▶ What the task asks: Your output should be the lines below from the one holding "This style emphasized" through the one holding "mounts are best", transcribed exactly, with no pictures.

▶ Provided data:
┌──
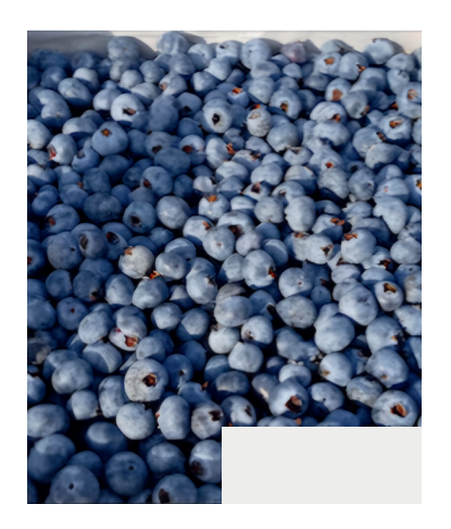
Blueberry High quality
└──
┌──
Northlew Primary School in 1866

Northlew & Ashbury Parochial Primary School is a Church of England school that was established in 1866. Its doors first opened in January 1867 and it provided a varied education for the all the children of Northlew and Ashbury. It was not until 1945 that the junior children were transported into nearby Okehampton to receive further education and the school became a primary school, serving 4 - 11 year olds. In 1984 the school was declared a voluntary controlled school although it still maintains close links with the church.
└──
┌──
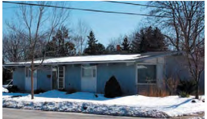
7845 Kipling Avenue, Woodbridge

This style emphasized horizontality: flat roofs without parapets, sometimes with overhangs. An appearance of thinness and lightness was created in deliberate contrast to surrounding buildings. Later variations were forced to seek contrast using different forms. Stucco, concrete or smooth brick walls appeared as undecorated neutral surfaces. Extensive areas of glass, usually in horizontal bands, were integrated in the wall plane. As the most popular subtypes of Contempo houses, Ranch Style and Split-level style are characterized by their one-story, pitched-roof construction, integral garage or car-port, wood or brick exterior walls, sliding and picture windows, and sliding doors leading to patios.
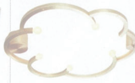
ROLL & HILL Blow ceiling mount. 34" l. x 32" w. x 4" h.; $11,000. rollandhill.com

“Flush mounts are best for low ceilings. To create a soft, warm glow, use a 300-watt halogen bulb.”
└──
▶ Written response:
This style emphasized horizontality: flat roofs without parapets, sometimes with overhangs. An appearance of thinness and lightness was created in deliberate contrast to surrounding buildings. Later variations were forced to seek contrast using different forms. Stucco, concrete or smooth brick walls appeared as undecorated neutral surfaces. Extensive areas of glass, usually in horizontal bands, were integrated in the wall plane. As the most popular subtypes of Contempo houses, Ranch Style and Split-level style are characterized by their one-story, pitched-roof construction, integral garage or car-port, wood or brick exterior walls, sliding and picture windows, and sliding doors leading to patios.
ROLL & HILL Blow ceiling mount. 34" l. x 32" w. x 4" h.; $11,000. rollandhill.com

“Flush mounts are best for low ceilings. To create a soft, warm glow, use a 300-watt halogen bulb.”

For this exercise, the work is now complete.